Digámoslo claramente, quizá sea imprescindible, pero no resulta simpático, no atrae; según unos le falta humor, según otros un sentido del matiz, de la comprensión, que no le humaniza. El pobre Voltaire, tan empeñado en que las cosas fuesen razonables, se desesperaba con él, pero lo cierto es que después de leerle se hace difícil encontrar razonable la vida.
Su palabra absoluta, intransigente, rompe toda medida, enfrentándonos con la imagen más solitaria y trágica de nosotros mismos. Su intención era que todo eso concluyera en la entrega sin condiciones a Dios, pero los caminos por los que aspira a conducirnos a este fin son tan escépticos e inhumanos que inevitablemente provoca el rechazo.
¿Somos así? ¿Cañas pensantes, sombras inconscientes de vanidad, distraídas, «divertidas» —es decir, desviadas, según su famosa expresión— con los juegos más fútiles, la caza, el billar, la pelota? ¿Qué pensaría Pascal del fútbol, de las revistas ilustradas, de la televisión, de la pornografía, del sufragio universal? ¿Qué sentencias atroces de severidad no tendría para un género de vida que recomienda la «relajación», la frivolidad, el ocio, el placer?
Y no obstante, hoy como antaño seguimos leyendo a Pascal —y muchísimo más que a Voltaire, que parece más acorde con la vida moderna—, refunfuñando por sus excesos, oponiéndole mentís, reservas, objeciones; pero continuamos leyéndole fascinados, más que por la certeza de todo lo que nos dice, por la fuerza irresistible de su llamada a interesarnos de veras por qué somos, de dónde venimos, adonde vamos.
No soluciona nada, no explica nada —o al menos no explica nada convincentemente—, nos irrita con su mezcla de lucidez y patología, de criterios científicos y de actitudes absolutas y desencarnadas, con su hosquedad a un tiempo inteligente y cerril, ingenua y hondísima, pero le necesitamos como una amarga medicina que preserva de las comodidades mentales.

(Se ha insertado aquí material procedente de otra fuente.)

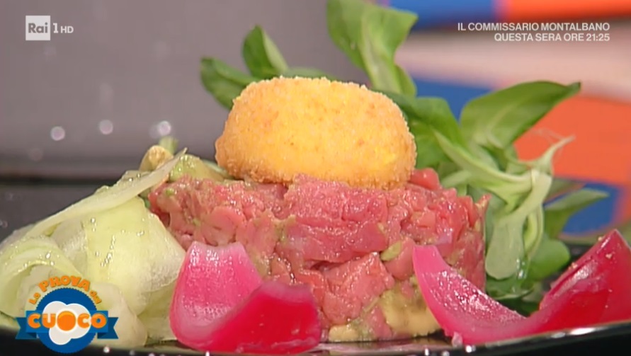 Sul piatto, formiamo un letto di tartare (che inseriamo in un coppapasta). Adagiamo sopra il tuorlo fritto, quindi completiamo con petali di cipolla, cotti in acqua e aceto bianco, cetrioli affettati sottili e conditi con olio e sale.

Creyentes y agnósticos, escépticos y hombres de fe, filósofos y lectores del montón, todo el mundo pasa por él, se irrita, le corrige o le contradice, pero pasa por él, y esta experiencia le transforma en mayor o menor medida; luego vuelve a sus convicciones, a sus negativas o a sus dudas, pero jamás olvidará del todo esa extraña interpelación a las actitudes últimas del hombre.
«Yo venero en Pascal el arquetipo mismo del creyente que cree al pie de la letra, que sabe que lo que le han enseñado es verdad, y no hay que imaginarse que eso es muy corriente en la Iglesia», dice Frangois Mauriac en las Memorias interiores, y a su manera el juicio no es disparatado, aunque sólo alude a la faceta más favorable del escritor.
Pero otro católico, Claudel, también tiene razón cuando explica a Gide en una de sus cartas: «Lo que reprocho a Pascal es haber maltratado y calumniado la naturaleza humana, no sólo la manchada por el pecado, sino incluso la creada por Dios y glorificada por la gracia. Eso no es un cristianismo, es un mal humor de enfermo».
Ésta es otra perspectiva del personaje, la relación de su obra con una biografía llena de paradojas. Lo que sabemos de él, mediatizado por el fervor familiar, por los recelos (muy justificados), de la ortodoxia, por la interminable polémica jansenista que aún colea, por las interpretaciones de los estudiosos modernos, ofrece una imagen difícil de explicar.
Incómodo e incompleto, extraño y apasionante, Pascal nos ofrece una de esas lecturas que pueden hacernos sentir vértigos angustiosos, pero que restablecen en su justa medida el valor que hay que atribuir a cada preocupación; sería una imprudencia abandonarnos sin más a la enseñanza crispada y oscura de su misantropía, pero no haberle leído equivale a renunciar a un mensaje sustancial.
Sobre todo en los tiempos que vivimos, inundados de banalidad que nos avasalla desde los medios de información. Por eso conviene recordar lo que decía un personaje de Proust, que recomendaba irónicamente en vez de leer el periódico todos los días y a Pascal una vez al año, invertir los términos, leer cotidianamente a Pascal y hojear muy por encima una vez al año un periódico cualquiera.